Я появился на свет в самый разгар второй мировой войны. Мой отец в это время с автоматом в руках защищал Сталинград. Мать, бежавшая от немцев из Калуги, вынуждена была рожать в отдалённом селе восточного Казахстана. От зари до зари она работала в поле, чтобы как-то прокормиться. Предоставленный сам себе, я вскоре дошёл до того, что готов был покинуть этот свет навсегда. Но мать, по образованию медик, и, как вся молодёжь того времени, атеистка, в отчаянии крестила меня, после чего местная старушка отвела смертельную болезнь с помощью колдовства.

Отцу повезло под Сталинградом, затем на Курской дуге и дальше, до самого Берлина. Провоевавший в пехоте, он привёз мне почему-то лётный шлем и сказал: "Носи, сынок, может быть, станешь лётчиком".

Среди наших родственников никто никогда не имел отношения к авиации, но я отчётливо помню тот день, когда учительница спросила меня, третьеклассника: "Вова, кем ты хочешь стать, когда вырастешь?", и я, не задумываясь, ответил: "Лётчиком!". Только однажды я увидел в небе большого "жука", но этого оказалось достаточно, чтобы мысль о небе больше не покидала меня.

На двенадцатом году жизни мои родители неожиданно переезжают в областной центр. Великим повелением царя Петра I на юго-восточной границе Российской империи, в отрогах Алтайского хребта, была заложена крепость, превратившаяся со временем в город Усть-Каменогорск – центр по добыче цветных металлов. В этом месте река Иртыш вырывается из объятий гор и, привольно разливаясь по долине, течёт на север до слияния с Обью.

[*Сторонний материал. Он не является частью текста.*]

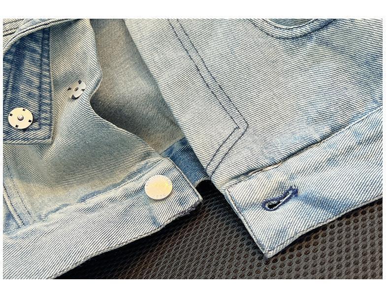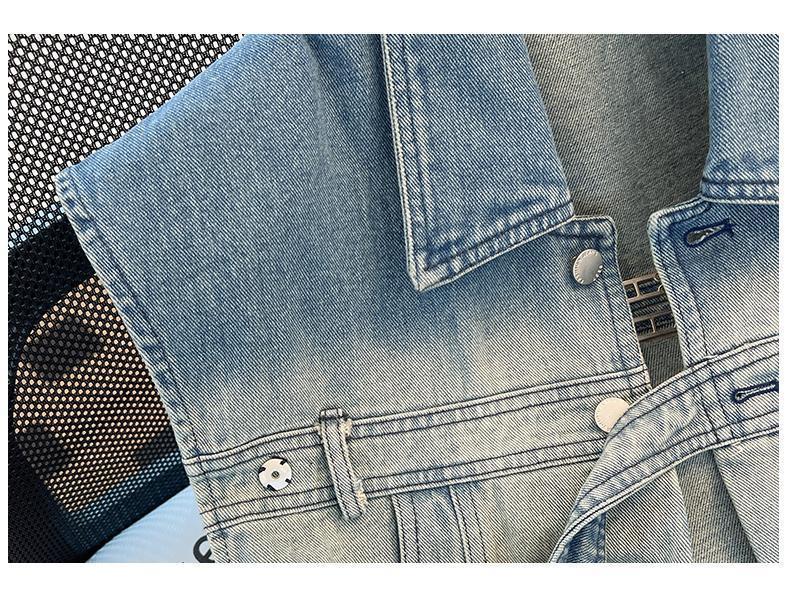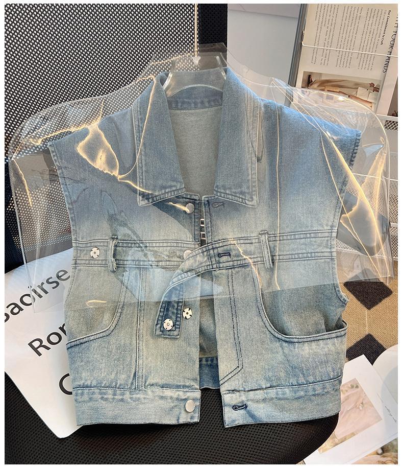 그라디언트 루즈 데님 조끼 여자 여름 칼라 유행 짧은 올 매치 조끼 디자인 스티칭 재킷스토어 가기

Если бы сейчас меня спросили: "Когда Вы пришли в авиацию?", я бы, вернее всего, вспомнил то весеннее утро, когда пошёл в школу и... не дошёл. Заглянув случайно в окно большого дома, оказавшегося, как выяснилось впоследствии, городским Домом пионеров, я увидел в комнате множество белых птиц и понял, что они каким-то образом связаны с самолётами. Когда я зашёл, меня встретил мужчина с орлиным носом и объяснил, что здесь размещается кружок авиамоделистов. Немедленно зачислить меня в группу он наотрез отказался и посоветовал прийти осенью. Но... Бывший полярный лётчик, летавший на фронте на Пе-8, он плохо представлял себе, с кем имеет дело, и, к тому же, у него было доброе сердце. Через несколько минут я уже трудился над моделью своего первого планера.

С этого времени учёба в школе перешла на второй план, как временное вынужденное занятие, тем более что через два года началось такое, о чём я ещё и не мечтал. Так уж устроен наш мир, что жизнь одного человека нередко определяется его встречей с другим. Мне часто везло на хороших людей, но в первую очередь повезло с ним – Иваном Илларионовичем Васечкиным. Это был первый лётчик на моём пути. Как человек очень энергичный и инициативный, он не остановился на образовании в городе авиамодельного кружка, а принялся за создание планерной школы.

И вот однажды Васечкин объявил нам:

–Создаётся школа планеристов, и первый отряд пилотов я буду набирать из вас, но только из тех, кому исполнилось шестнадцать лет.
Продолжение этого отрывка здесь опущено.